To dobre kondycyjne przygotowanie do sezonu widoczne było pod koniec roku. Wielu dziennikarzy zwracało uwagę, iż nawet w ostatnich meczach rundy Piast nadal miał siłę biegać i walczyć w ostatnich minutach, podczas gdy inne drużyny „wysiadały”. 
- Podczas świąt rozmawiałem na ten temat ze swoim tatą oraz przyjacielem, którzy oglądają nasze mecze. Powiedzieli mi, że szkoda, iż ta runda się skończyła, gdyż byliśmy w wysokiej formie. Jednak ja uważam, iż odpoczynek również jest bardzo ważny. Przez ilość biegania podczas meczu nasze organizmy były mocno eksploatowane jesienią. Mogę powiedzieć na swoim przykładzie, że pod koniec roku moje ciało było bardzo zmęczone. Podczas przerwy świątecznej odpoczęliśmy. Ten odpoczynek był dla nas tak samo ważny jak treningi.
 
Wkrótce jednak treningi biegowe zostaną zastąpione przez zajęcia z piłkami. To stanie się w Hiszpanii, jak zapatrujesz się na ten obóz?
- Powiem szczerze, że obóz w Hiszpanii będzie dla mnie swego rodzaju sentymentalną podróżą. Nie dlatego, że zgrupowanie odbędzie się w mojej ojczyźnie, ale przede wszystkim, iż moje pierwsze chwile w Piaście miały miejsce właśnie w Alicante i w hotelu, do którego się udajemy. Pamiętam, że to nie był dla mnie łatwy czas. Podjęcie decyzji o przyjeździe do Polski…. Teraz jadę tam jako inna osoba, jako człowiek, który w Gliwicach jest bardzo szczęśliwy. 
- Ale pytałeś o treningi innego rodzaju. To prawda, będziemy więcej pracować z piłkami, to nieco przyjemniejsze zajęcia dla piłkarzy (śmiech). Poza tym - rozegramy kilka ciekawych sparingów - między innymi z Szachtarem Donieck - więc myślę, że to będzie owocny czas. 
 
Tak na koniec - śledzisz co się dzieje u naszych ligowych rywali? Niektóre drużyny dokonują naprawdę wielu transferów. Jakie masz zdanie na ten temat? 

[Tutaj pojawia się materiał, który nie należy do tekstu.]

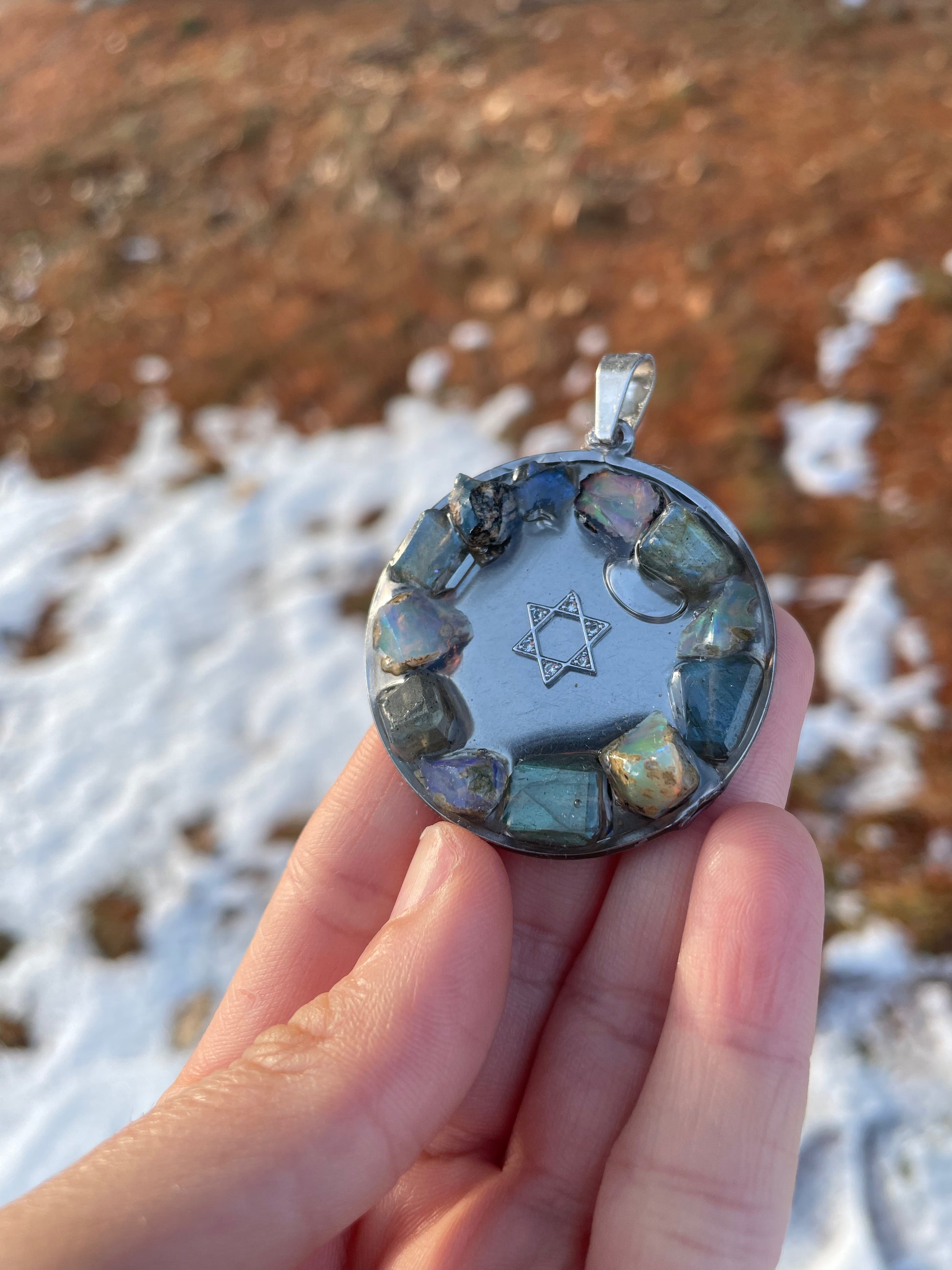 Opal and Labradorite Gemstones Round Silver Stainless Steel Magen David Pendant

- Uważam, że w dokonywaniu transferów nie chodzi o ilość zawodników czy klasę piłkarzy, których się ściąga do klubu. Chodzi o to, aby podejmować rozważne decyzje. Na ten moment Piast jest jednym z najbardziej rozważnych klubów w Ekstraklasie. Uważam, że zimą nie trzeba kupować 5-6 zawodników, aby drużyna grała dobrze. Ściąganie do klubu zawodników z głośnymi nazwiskami też nie zawsze jest dobre. Lepiej jest mieć u siebie zawodnika na dorobku, głodnego sukcesu niż takiego, który kilka lat temu był gwiazdą. Możesz kupić dobrego zawodnika, ale nie kupisz drużyny. Jeśli chcesz piąć się w górę – musisz mieć w składzie zawodników, którzy oddadzą wszystko za sukces. Będą biegać do ostatniej sekundy meczu i gryźć każdy centymetry murawy. W Piaście podejmowane są mądre decyzje i do klubu trafiają zawodnicy, którzy są na fali wznoszącej. Bardzo się cieszę, że jestem częścią tak mądrze budowanej drużyny.